Roger gives fascinating account on the life of a Royal bodyguard


After welcoming six visitors to our February meeting, vice-president Margery Tate introduced the speaker for the evening, Roger Barrell, ex-Royal Bodyguard.

A London policeman for 31 years, Roger was then recruited to the personal protection group, or Royal Bodyguards, where he spent the next 17 years.

Guarding royal families is one of the oldest professions in the world, providing 5,000 years of service going back to the ancient Egyptians and Romans, and is as relevant today as it was then.

We learned that royal bodyguards are carefully selected and put through rigorous training, which includes areas as diverse as medical training and social etiquette.

During his service Mr Barrell has accompanied many of our royal family, including three years with the Queen Mother and seven years with Princess Alexandra.

As personal protection is covert a Royal Bodyguard needs to dress appropriately so that he blends into the background of any occasion. In America protection is much more blatant. The President is surrounded by 72 men, including a doctor with an ambulance on standby, but security in Britain is much more discreet so that the royal family can go about their business.

As to which method works best – well, consider how many members of the royal family and how many presidents have been assassinated.

Mr Barrell illustrated his talk with fascinating slides, both of himself carrying out his duties and of the royal family carrying out theirs.
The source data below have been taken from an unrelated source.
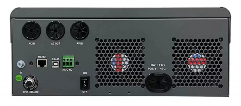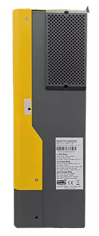 Key Features • 3000W Continuous Output – Pure sine wave with high surge for appliances like refrigerators, microwaves, CPAP machines, and power tools. • 5000W PV Input – High-voltage MPPT supports large solar arrays for maximum renewable charging. • 500 VOC Max – Allows longer PV strings for efficient wiring and reduced losses. • Hybrid Functionality – Off-grid or backup modes with automatic transfer switch. • 48V Battery Input – Compatible with lithium (LiFePO4), AGM, gel, or flooded batteries. • Built-in Protections – Overload, over-temperature, short-circuit, low-battery, and reverse polarity safeguards. • Advanced Monitoring – LCD display and optional app/Wi-Fi for real-time system status. • Rugged & Reliable – Durable construction for indoor/outdoor use with cooling fans.
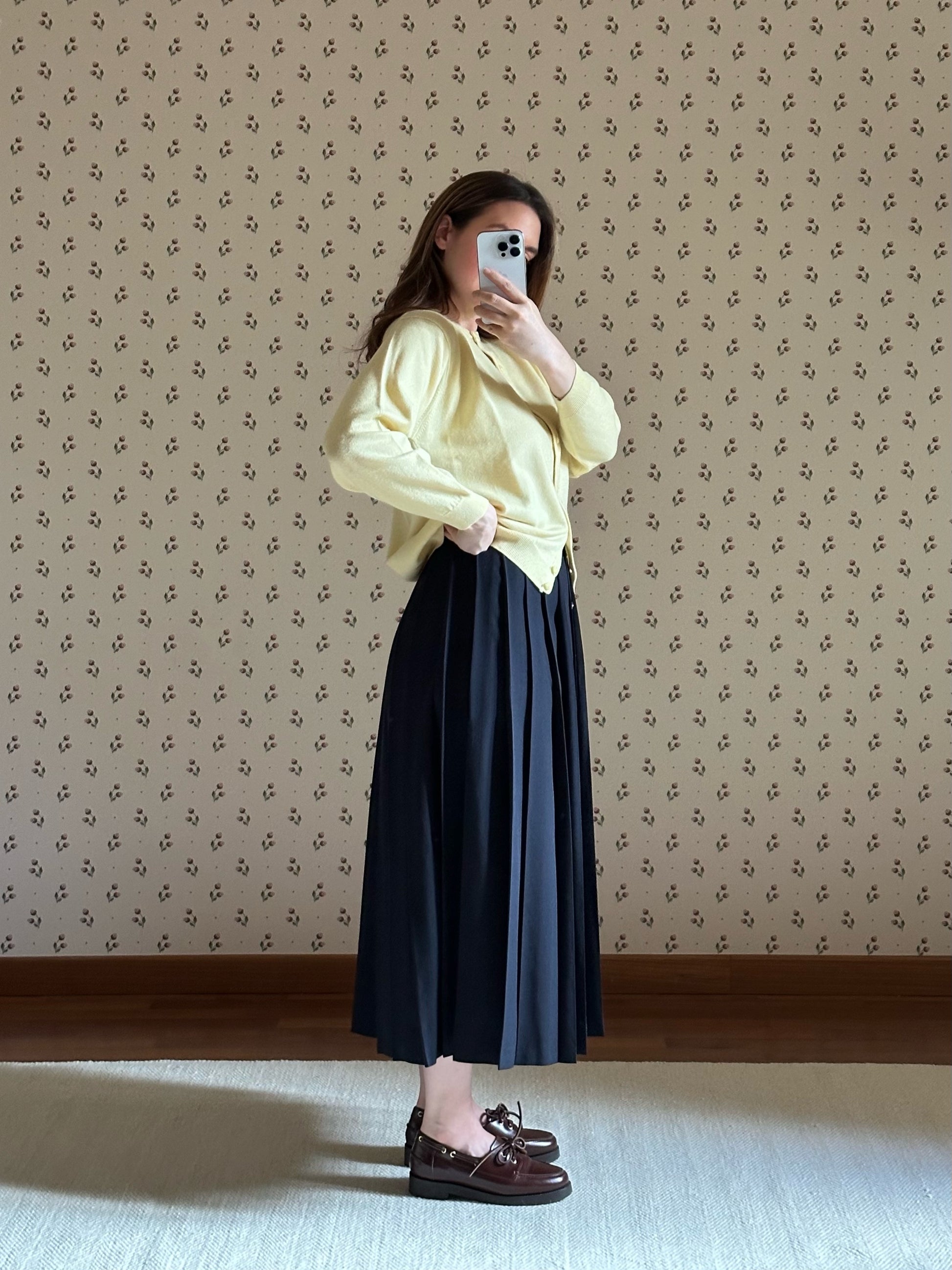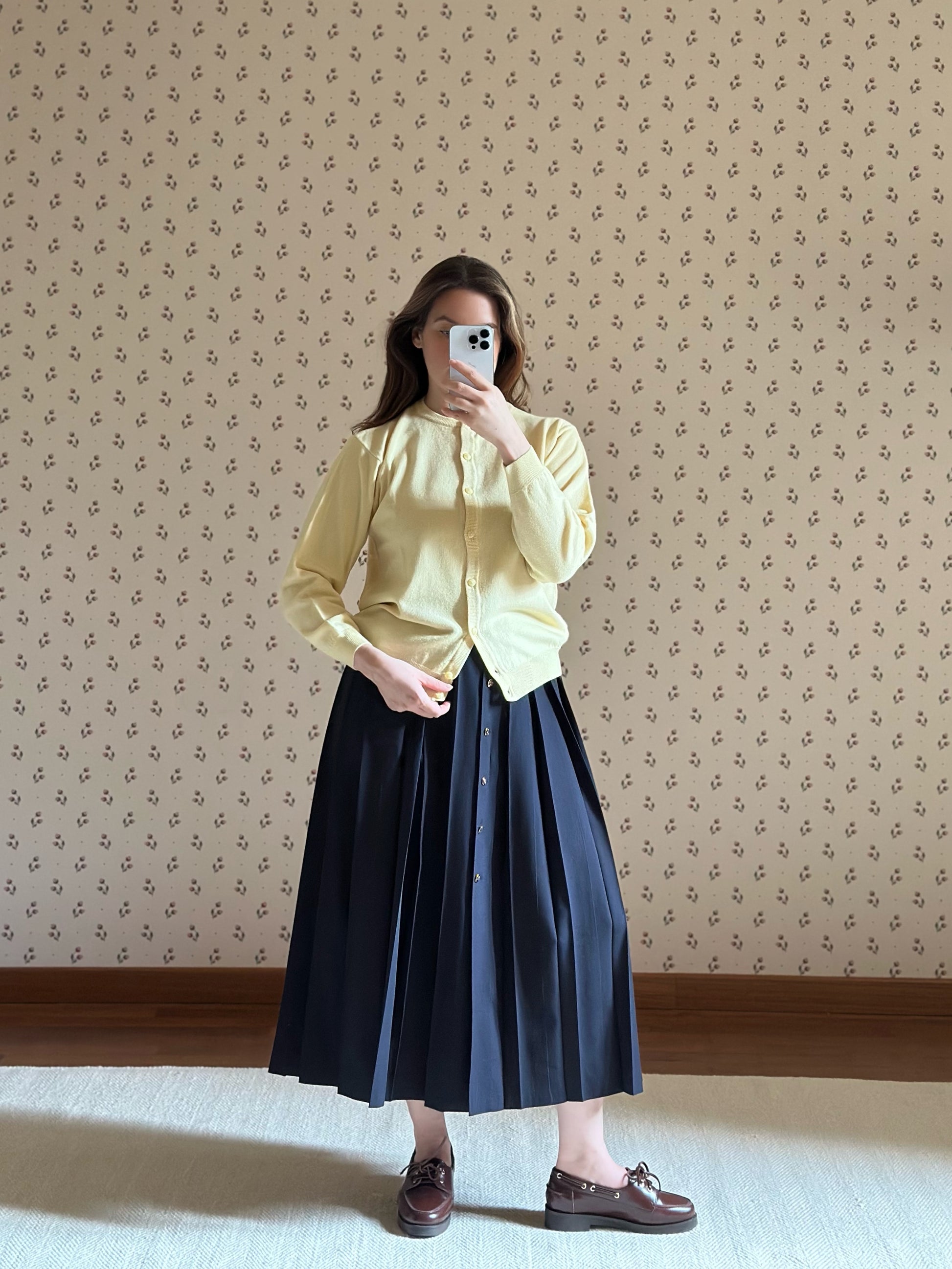 Beautiful and romantic blue pleated skirt fashioned from a lightweight pure wool and featuring a practical front button fastening with lovely golden buttons.
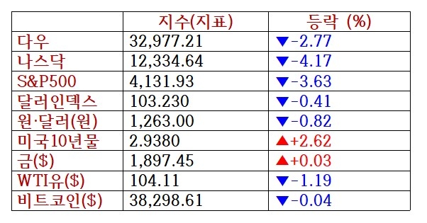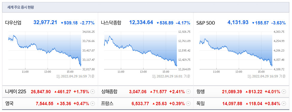 29일(미 동부시간) 뉴욕증권거래소(NYSE)에서 다우존스30산업평균지수는 전날보다 939.18포인트(2.77%) 내린 32,977.21로 장을 마감했다. S&P500지수는 155.57포인트(3.63%) 하락한 4,131.93으로, 나스닥 지수는 536.89포인트(4.17%) 내려 12,334.64로 거래를 마쳤다.
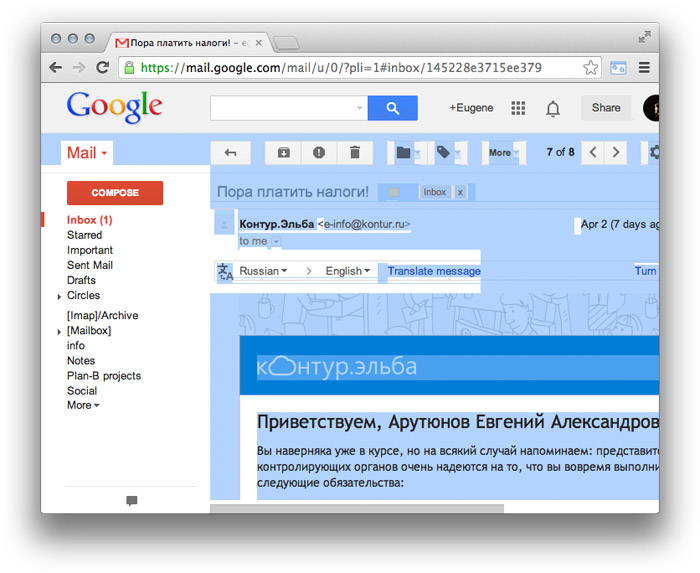Если Интересно составить гайдлайны — какие элементы включать в выделение, а какие — нет? Мне кажется, деление на интерфейс и содержание было бы слишком грубым. На вашем примере было бы удобно выделить названия папок и тему письма, хотя бессмысленно — кнопки и пиктограммы. Но логотип Гугля должен выделяться — мало ли зачем я хочу его забрать? Призываю уважаемых советчиков предложить правила и исключения. Идеально формулировать сразу в формате гайдлайна, как в бюрошном примере об обязательных полях и сообщениях об ошибках в форме. |
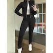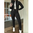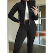 S-pazarım Kadın Uzun Kollu Önden Fermuarlı Kısa Modal Ceket Ve Pantolon Ikili Takım Siyah
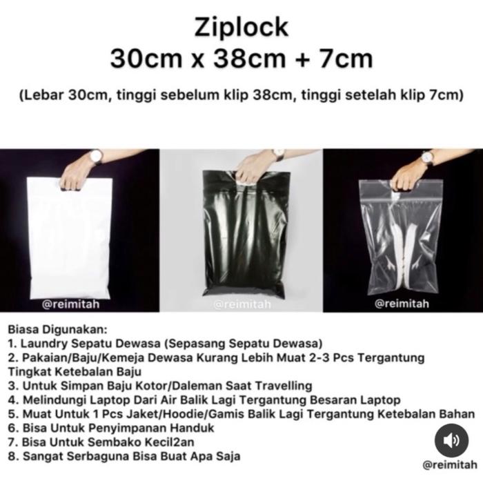 Isi 100pcs Plastik Ziplock Plastik Packing 30x38cm Plastik Zip CTIK Plastik Baju Plastik Laundry Sepatu - Hitam
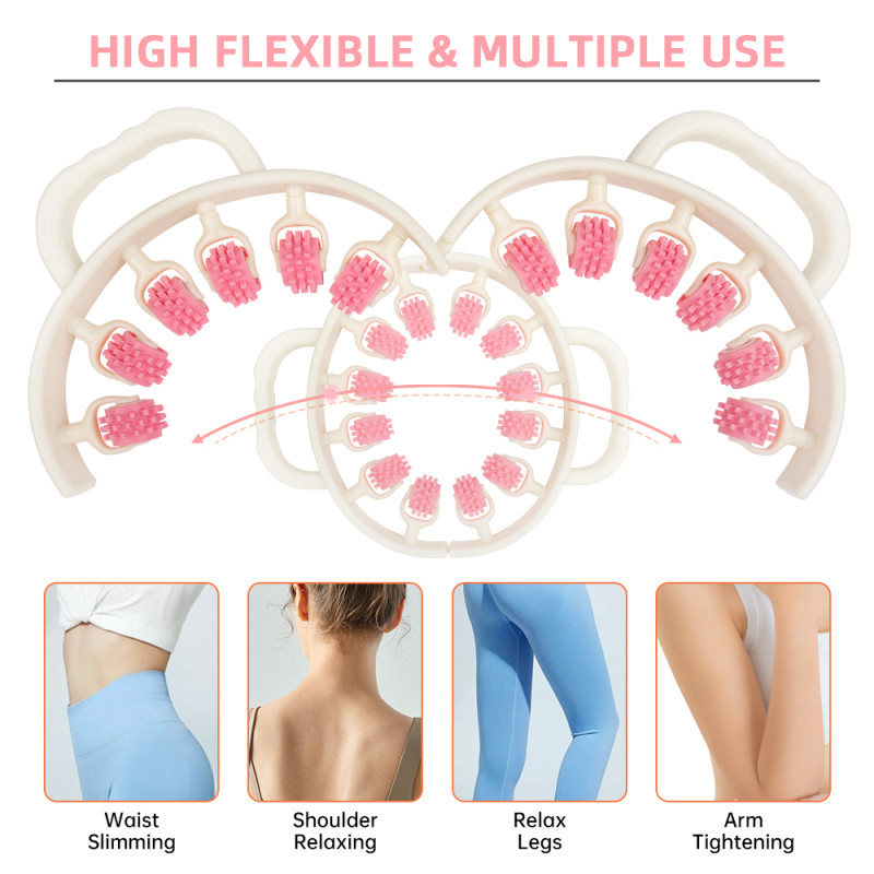 Масажер для тіла виготовлений формою аксесуар ідеально підходить для стимуляції шийного відділу спини, ноні, руки і навіть живота. Аксесуар стимулює лагідність у тканинах і розслаблює м'язи завдяки 12 роликам.
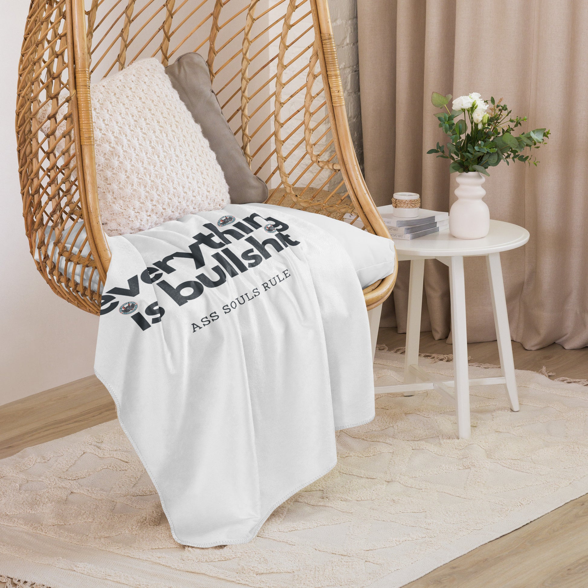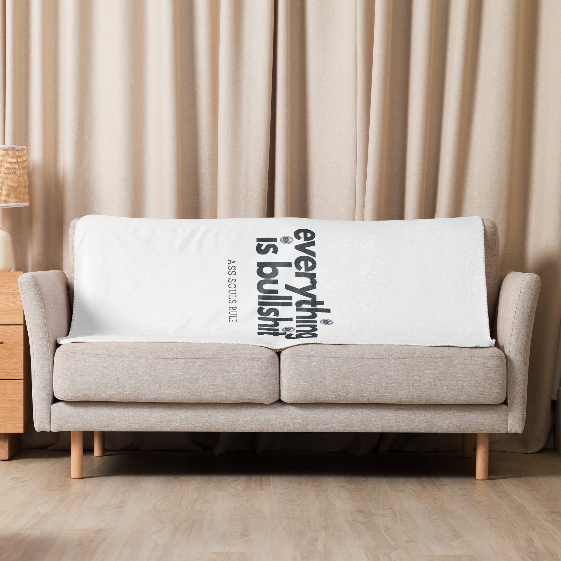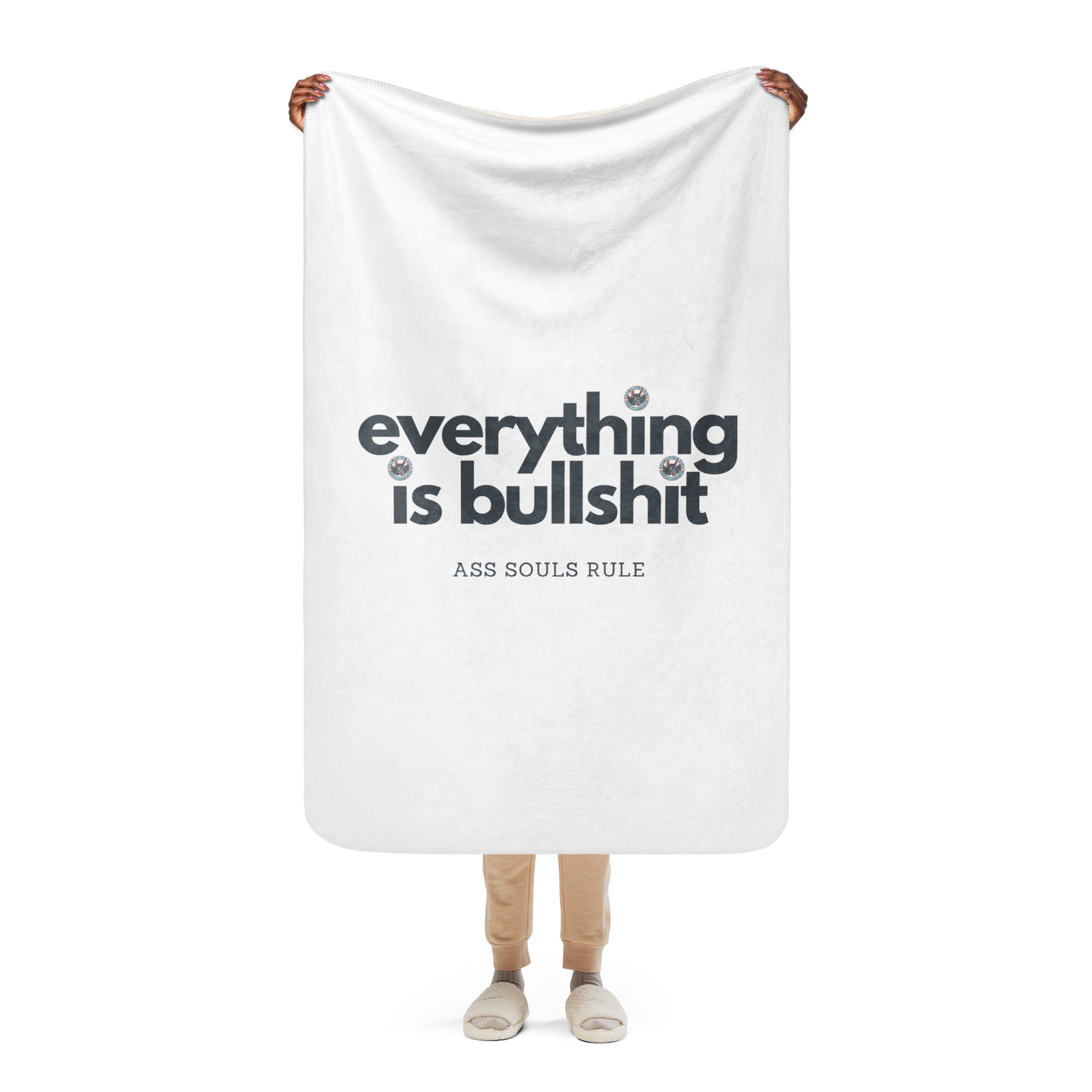 This exquisite Everything is Bullshit sherpa blanket combines a plushie feel with exceptional softness, making it the ultimate comfort companion as you let shit go. Perfect for daily use while lounging on the couch, snuggling up on chilly evenings, or styling your room—this blanket offers unmatched coziness and warmth.
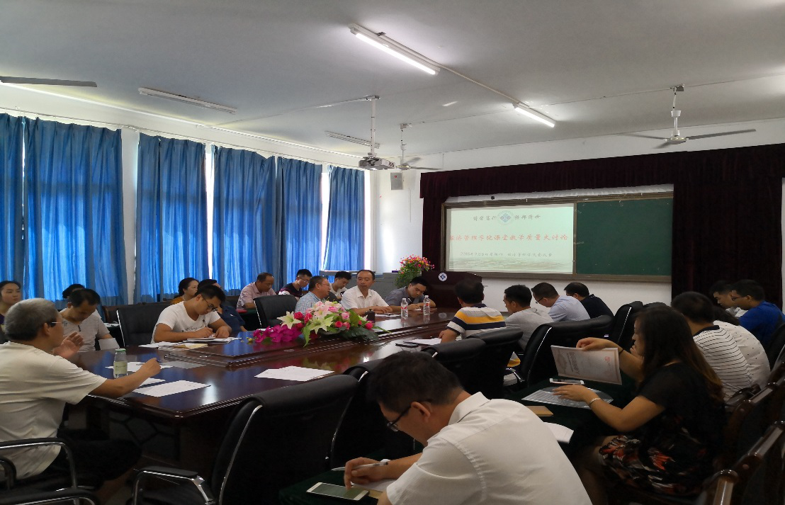 为响应教育部在成都召开的“新时代全国高等学校本科教育工作会议”会议精神,响应学校要求学习《关于狠抓新时代全国高等学校本科教育工作会议精神落实的通知》文件的主要精神。2018年9月6日,我院在教务处的指导下召开了课堂教学质量大讨论会议。
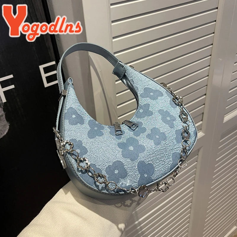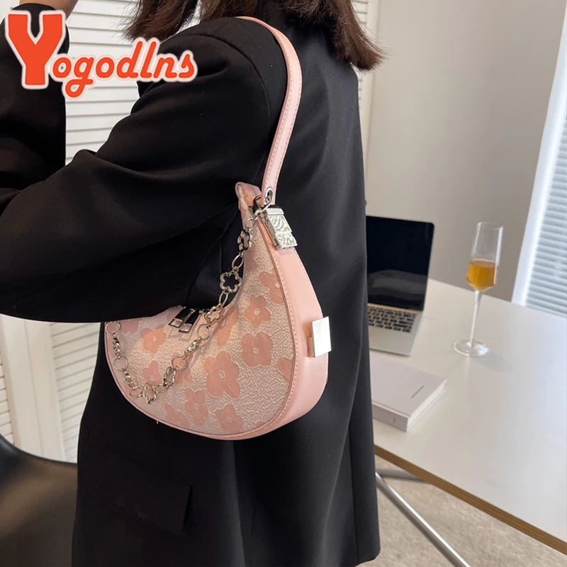 Floral Underarm Bag Chains Half-moon Shoulder Bag
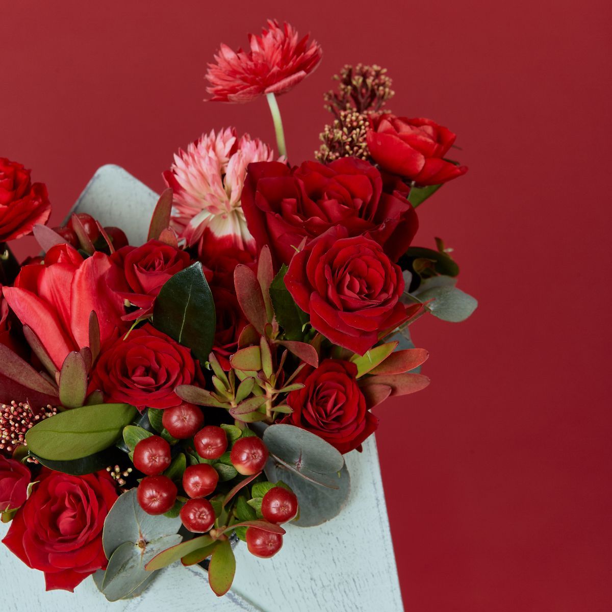 Композиции красного оттенка – это букеты, которые выражают любовь и страсть и никогда не остаются незамеченными. Ими можно поздравить любимую женщину с днем рождения или купить сочетание без повода. Флористы собрали свежие ранункулюсы, кустовые розы и сорт Эквадор с тюльпанами и анемонами в деревянном кашпо, чтобы мужчина без слов сказал о важном и сделал поздравление запоминающимся. Упаковка в виде ящика маленького размера добавляет подарку утонченности. Оформить заказ цветов в любом количестве в интернет-магазине с доставкой можно, посмотрев фото, цену и получив открытку к празднику.
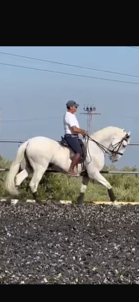 **For Sale PRE Horse - Gray, 172 cm** Unique opportunity for horse riding enthusiasts! A magnificent Purebred Spanish Horse (PRE), gelding, born in 2007, is offered for sale. This elegant gray stands at 172 cm, making him an ideal companion for both classical dressage and various equestrian activities. His balanced temperament and over 10 years of training in classical dressage make him suitable for riders of different experience levels, especially for children and novice riders. He is a very manageable horse, with a noble and willing character, perfect for those looking for a reliable partner in the arena. If you are interested in learning more about him or scheduling a visit, please do not hesitate to get in touch. Don’t miss the opportunity to bring home this exceptional horse!
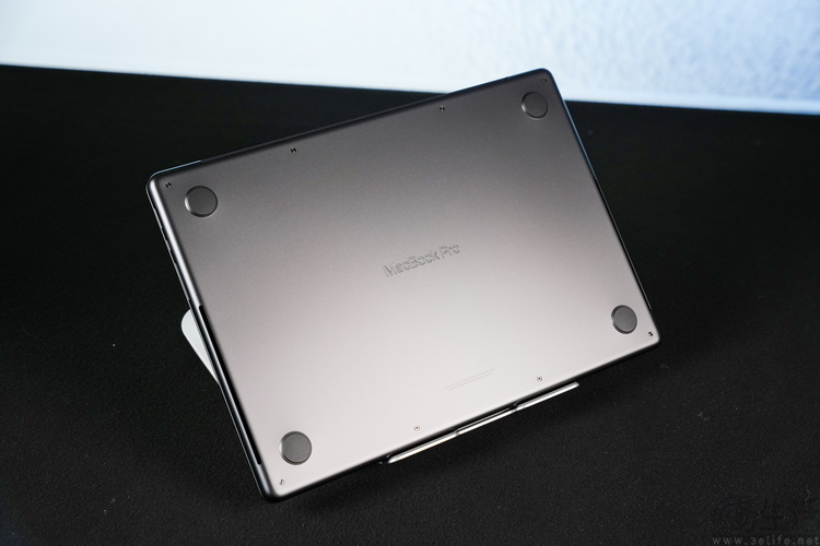 来到机身底部,苹果依然是当下极少数坚持“Laptop”原则,将进风口设计在机身两侧的厂商之一。这种设计有两个好处,一是可以安心放在大腿上使用,不用担心影响散热;二是它在日常使用中相比直接底部开孔进气的机型,更不容易积灰。
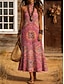 Damen Maxikleid Boho-Kleid Vintage-Kleid Freizeitkleid Vintage Ferien Lässiger Schnitt Boho Blumen Grafik Ärmellos V Ausschnitt Blau Rote Orange Sommer Frühling
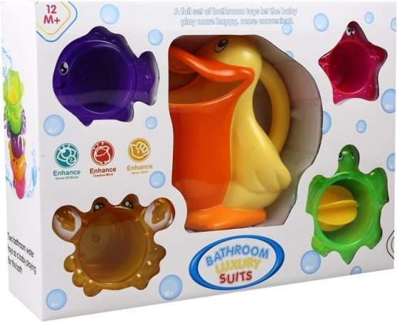 En badelegetøjs-sæt, der glæder både børn og forældre. Pelikanen med praktisk håndtag opsamler og hælder vand, mens de fire farverige dyrekopper kan bruges til at øse, hælde og stable. Takket være sikker plast, glatte kanter og et legende design er sættet perfekt til daglig vandleg.

He looked as dashing in the guise of a footman riding on the back of the carriage carrying Prince Andrew and Sarah Ferguson from their wedding ceremony as he did clad in the traditional grey top hat and tails when accompanying the Queen at Ascot.

It may look glamorous, but the work is intense, with hours long. One trip involved 72 functions, 11 locations and 22 flights. Concentration is vital. We are lucky enough to enjoy political freedom, but one never knows where the next enemy will come from.

Mr Barrell’s fascinating insight into the world held us all enthralled and provoked some interesting questions.

Tribute was paid to Margaret Trotman, a dear member who died last month, and the suggestion that we plant snowdrops in the orchard in her memory was eagerly endorsed.

Margery reminded everyone that the next meeting is a cookery demonstration, to be held at Cresswell House on Tuesday, March 15, at the earlier time of 7pm.